International Internet Acquiring for Business

Scaling a high-risk business requires a strategic approach to choosing payment solutions, jurisdictions, and technologies. International internet acquiring allows for market expansion, organizing multi-currency payments, and integrating white-label solutions for different regions.

COREDO’s practice has shown: successful scaling is possible only with a flexible architecture of payment systems, automation of compliance procedures, and competent management of the rolling reserve. Long-term consequences of choosing the wrong PSP: account blockages, loss of clients, and reputational risks.

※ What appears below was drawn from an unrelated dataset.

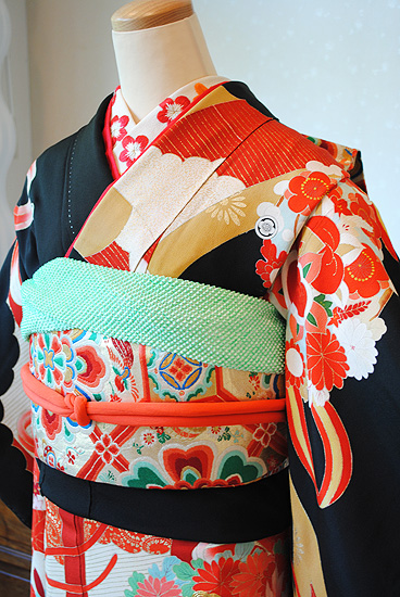 上質な縮緬地は一目で布地の良さが伺え、この時代のものにしては珍しく色焼けがない漆黒の振袖です。

Practical Conclusions and Recommendations

Risk/Problem Solution/Tool
High commissions Optimization of structure, choosing PSP
Frequent chargebacks Chargeback management, anti-fraud
Complexities with KYC/AML Automation, due diligence
Refusals in acquiring alternative jurisdictions, PSP
Fraud Fraud prevention, PCI DSS

Tips for Entrepreneurs

  1. Conduct thorough business risk profiling before applying for acquiring.
  2. Prepare a complete set of documents for the merchant account, including AML/KYC policy.
  3. Choose PSP and acquiring bank with niche experience and international regulator licensing.
  4. Integrate acquiring with CRM and automate transaction monitoring.
  5. Regularly analyze efficiency metrics and adapt rolling reserve management strategies.

Checklist for Launching Acquiring for High-risk Business

  • Analysis of jurisdictions and selection of the registration country
  • Preparation of incorporation documents and licenses
  • Development and implementation of AML/KYC policies
  • Selection and integration of PSP/acquiring bank
  • Implementation of anti-fraud systems and PCI DSS compliance
  • Staff training and regular audit of processes
Acquiring for high-risk business is not only a challenge but also an opportunity for growth if you build a strategy based on a deep understanding of risks, legal requirements, and modern technologies. COREDO’s experience shows: a comprehensive approach, transparency, and flexibility are key to sustainable development and scaling international projects.